From CAA:s Facebook page:

Published today (behind a paywall), an article by White, Rickards and Zeman titled, "Time to end the distinction between mental and neurological illnesses" that proposes psychiatric disorders be classified as disorders of the nervous system. In the text of the article, CFS is one of several conditions grouped as functional somatic syndromes, "which are neither solely physical nor solely mental but both." They also propose merging the mental, behavioral and neurology chapters of the ICD-11, a classification system used to code for insurance reimbursement and other payment systems.

Link to abstract: http://bit.ly/JMFI7u
 

Esther12

Senior Member
Messages
13,774
Thanks Anne.

This will update our classificatory system in the light of contemporary neuroscience and foster the integration of psychiatry into the mainstream of medicine, where it belongs.

Do they mean it will make the sort of quackery involved in claiming patients are 'back to normal' when they are more disabled than was needed to be classed as suffering from severe and disabling fatigue will no longer be acceptable? Or just that fewer people will distrust them when they claim to know what they're talking about.

To integrate psychiatry into the mainstream of medicine, we need to raise standards for psychiatrists. That would help rid us of people like White, and benefit everyone.
 

SOC

Senior Member
Messages
7,849
In the text of the article, CFS is one of several conditions grouped as functional somatic syndromes, "which are neither solely physical nor solely mental but both."

Oh, please! While this is a sign that the psychobabble contingent is beginning to recognize that there is indeed a physical basis for ME/CFS, it's still nothing more than a self-serving rationalization of their previous untenable, absurd, and abusive beliefs, treatments, and policies. Just a fancy-dancing, wiggle-worded attempt to cover their asses which are becoming increasingly exposed as more medical data becomes available.

Some forms of mental illness are the result of disordered thinking and not physical diseases or dysfunctions. Substantial harm can be done by all kinds of mental and physical abuse or trauma. People learn dysfunctional thinking in order to cope with the situation. Talk therapy, not neurology, is what is needed in those cases.

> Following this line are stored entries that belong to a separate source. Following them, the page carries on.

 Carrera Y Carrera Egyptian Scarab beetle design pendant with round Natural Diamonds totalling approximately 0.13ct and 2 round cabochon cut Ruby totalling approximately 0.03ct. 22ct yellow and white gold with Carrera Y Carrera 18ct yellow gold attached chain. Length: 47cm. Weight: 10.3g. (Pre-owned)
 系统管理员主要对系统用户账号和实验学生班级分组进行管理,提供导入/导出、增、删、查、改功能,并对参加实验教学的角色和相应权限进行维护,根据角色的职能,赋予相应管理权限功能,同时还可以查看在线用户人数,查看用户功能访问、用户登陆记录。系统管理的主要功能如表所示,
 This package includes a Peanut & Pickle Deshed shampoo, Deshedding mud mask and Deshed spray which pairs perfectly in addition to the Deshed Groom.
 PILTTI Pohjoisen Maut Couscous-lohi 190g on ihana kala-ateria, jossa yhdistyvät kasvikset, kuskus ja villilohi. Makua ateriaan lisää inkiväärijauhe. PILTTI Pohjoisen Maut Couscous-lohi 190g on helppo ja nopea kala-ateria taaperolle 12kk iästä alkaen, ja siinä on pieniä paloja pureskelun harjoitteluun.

Schizophrenia and some forms of depression (among others) have been demonstrated to be physical illnesses which are appropriately treated with medications. They should be treated as neurological illnesses, not illnesses of the mind. It's simply a recognition of the difference between the brain and the mind.

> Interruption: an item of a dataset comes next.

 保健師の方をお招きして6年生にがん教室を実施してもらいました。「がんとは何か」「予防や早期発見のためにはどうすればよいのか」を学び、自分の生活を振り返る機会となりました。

Falsely conflating psychiatry and neurology only serves to save face for the psychobabble lobby whose claim on a number of physiological illnesses is becoming exposed as the falsehood it is.

Psychology and neurology are two distinct fields. There's nothing wrong with psychology applied correctly. What's wrong are the false "territorial" inroads psychology and psychiatry keep trying to make into other fields by claiming that genuine physical illnesses are the result of "false illness beliefs".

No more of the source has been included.